Micahel Ayrton, Oracle

Oracle

Michael Ayrton (1921-1975)
Oracle
bronze
1.52 m high
1963-4

Oracle is one of a series of works created over several years but dating back to Michael Ayrton's 1956 visit to Cumae, the earliest Greek colony in Italy, where the oracular cavern of the Sybil still exists below the Acropolis. His Oracles often have an emaciated look, taken from the myth that Demeter, godess of grain and fertility, takes the form of winter, awaiting the rebirth Persephone, her daughter, with the spring. As in his depictions of Pythia, Oracle sits on a tripod which has become part of the figure itself. She is rooted to the spot as she prophesizes the changing seasons for eternity.

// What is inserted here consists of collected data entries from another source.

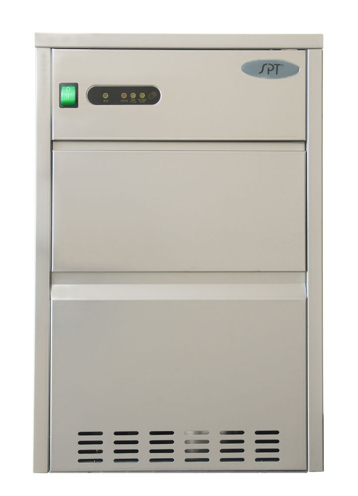 This freestanding fully automatic ice maker produces up to 110 lbs of bullet-shaped ice per day, with storage space of up to 15 lbs. Direct plumbing allows for constant supply of fresh ice without the hassle of manual fill. Full stainless steel housing is an attractive addition to any space setting.
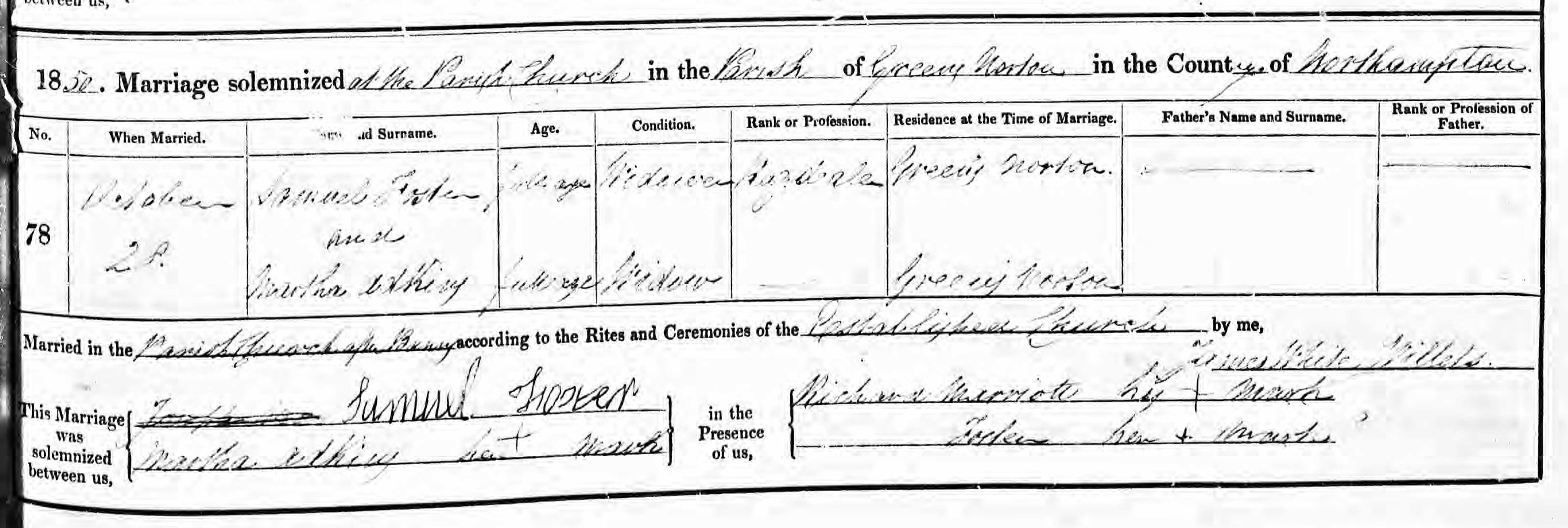 MarriageOfSamuelFosterAndMarthaAdkins1850GreensNorton
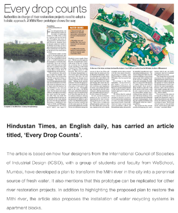針對(duì)中國(guó)設(shè)計(jì)師完成的設(shè)計(jì)項(xiàng)目,《印度斯坦時(shí)報(bào)》刊登的題為“滴水不漏”的文章,對(duì)米斯河改造計(jì)劃進(jìn)行了解讀,文中說(shuō):“北京工業(yè)設(shè)計(jì)促進(jìn)中心的設(shè)計(jì)師馮春慧、蔣偉、黃睿等,與孟買當(dāng)?shù)豔eschool學(xué)院的教授及學(xué)生設(shè)計(jì)制定的米斯河改造模式以及公寓樓循環(huán)用水系統(tǒng),為米斯河沿岸居民干凈飲用水缺乏的問(wèn)題提供了解決途徑,實(shí)施后將促使斯河成為一個(gè)常年的淡水源。該改造模式亦可應(yīng)用于其他的河流修復(fù)項(xiàng)目。”

Ayrton commented, 'The Minotaur evolved towards a human condition, the Oracle moved away from it towards a series of inhuman images in which her being became concentrated upon containing the prophetic voice of the god. She was to me continually and variously transformed until, irrationally, she has become identified first with the goddess Demeter, then with both Demeter and her daughter Kore, who takes the name of Persephone when she goes into the earth each winter and emerges in the spring. The Oracle exists to confirm what is already known, by prophecy. Transformed into Demeter and her daughter she confirms the changing seasons and the perpetual passage of youth into age which is what we know' (see 'work in progress 2: maze maker', Drawings and Sculpture, London, 1962).